In light of this, the department of environmental affairs (DEA) has lifted a historic ban on leopard hunting, which was in place since 2016.
According to Minister Edna Molewa, who made the announcement in August, the decision to lift the ban “is based on a review of available scientific information on the status of leopard populations in South Africa and an evidence-based assessment by the scientific authority”.
The new quota explains that five leopards will be allowed to be hunted in Limpopo, and two in KwaZulu-Natal. The leopards must be seven years or older, and must be male.
“It is important to note that the hunting of leopard is only undertaken in specified hunting zones where scientific evidence indicates stable leopard populations,” Molewa said.

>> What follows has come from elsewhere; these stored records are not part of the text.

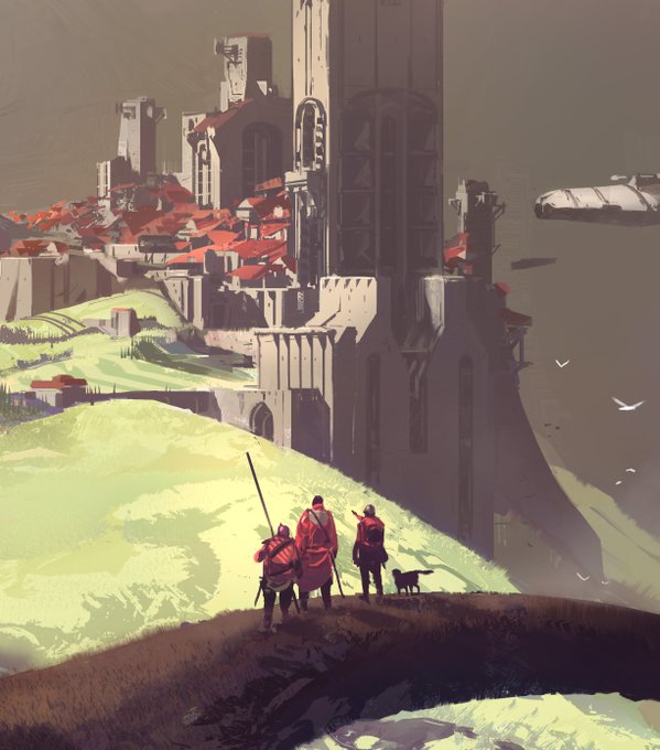 @PonPon38715521 book cover for a Jack Vance novel. French edition. done last year. it is part of a 4 cover panel for 4 different book with one single interconnected illustration.
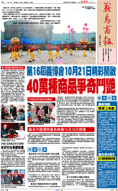 義烏中國僑商會長峰會10月19日開幕 (圖)
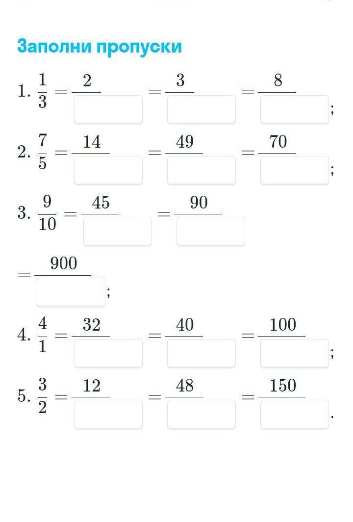 1. 1/3 = 2/6 = 3/9 = 8/24 2. 7/5 = 14/10 = 49/35 = 70/50 3. 9/10 = 45/50 = 90/100 = 900/1000 4. 4/1 = 32/8 = 40/10 = 100/25 5. 3/2 = 12/8 = 48/32 = 150/100
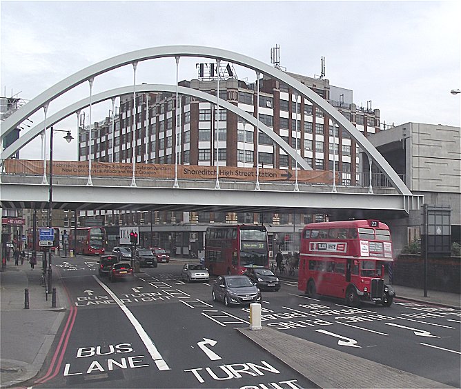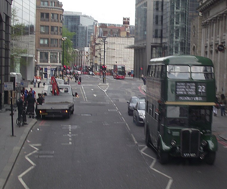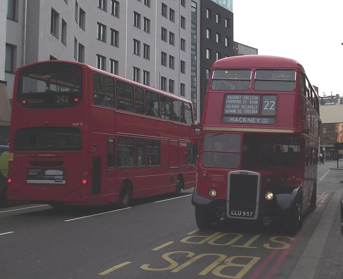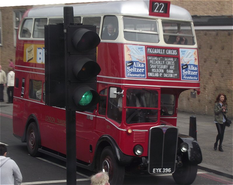 RT75Saturday 12th April 2014Prepared on Wordpad by Ian Smith, 17th April 2014Part 2: More Journeys on the 22Piccadilly Circus to Shoreditch Church: RT3062I wondered whether to change chariots, but there was a good crowd at the stop, and my chance of getting such a prime seat again were slim. So I stayed with RT3062 for the return journey.As we prepared to get under way RT3871 dashed round the corner into Great Windmill Street. We set off past the crowds of photographers, up Shaftesbury Avenue. GreenLine-liveried RT3238 came bustling along between the theatres. The next RT to pass was another of the GreenLine variety, this time RT3491. Then at Holborn Circus it was RTL453 that appeared, in its early livery and late-fitted roofbox body. We passed Bank, and turned up through the confines of Threadneedle Street to Bishopsgate. Yet another green bus came along, this time Country Area RT1700 on a full run to Piccadilly Circus. There were plenty of modern double-deckers about, mostly Tridents or DAF/Wrights, but a single-decker caught my eye at Liverpool Street Station: Scania/East Lancs ELS6 on the 42 to Denmark Hill. As we crossed over the railway lines curving out of Liverpool Street, behind Trident 17740 on the 8, we met RTW467 coming into town. It was closely followed by Saunders-bodied RT1396, bearing 22 blinds but a large PRIVATE slip-board. Suddenly RT1 was coming, hiding behind traffic lights. It passed. Then we were at Shoreditch Church, terminus for this short-working. The bus pulled off the High Street into Calvert Avenue, beside the church. I walked back to the High Street. There was now a large queue waiting at the Homerton-bound stop. RT3871 added to it, also turning at the Church before heading back for Piccadilly Circus. Green RT3238 took some of it, heading not for Homerton but for Ash Grove garage. It was lunch-time for me. I walked up the High Street, looking for somewhere suitable to eat. I found a brasserie, and lunch. Several RT types passed by outside. Shoreditch Church to Ash Grove Garage: RTW467I returned to the Shoreditch Church stop on the High Street. RTW467 arrived, heading for the garage, so I climbed aboard - inside - for the garage run, turning off the main route to head east to Ash Grove Station, then up Mare Street to the garage.I went into the garage yard again. Most of the buses not being used for the public service on the 22 were still there. In conversations I gathered that they were about to set off on a road-run to Brooklands. I accepted an invitation to ride with RT3254, at least part of the way. Part 4: Ash Grove to BrooklandsAll photos by Ian Smith. Click on any of them for a larger picture.

The DEA has emphasised that applications to hunt leopards will be monitored on a national level, and that no hunting will take place in areas where leopard populations are dwindling.
There is another factor that may further threaten this majestic species – the continuous use of leopard skins by Shembe church members.
Because they are revered in the community, settling for the real thing is seen as an important part of the religious group’s traditions.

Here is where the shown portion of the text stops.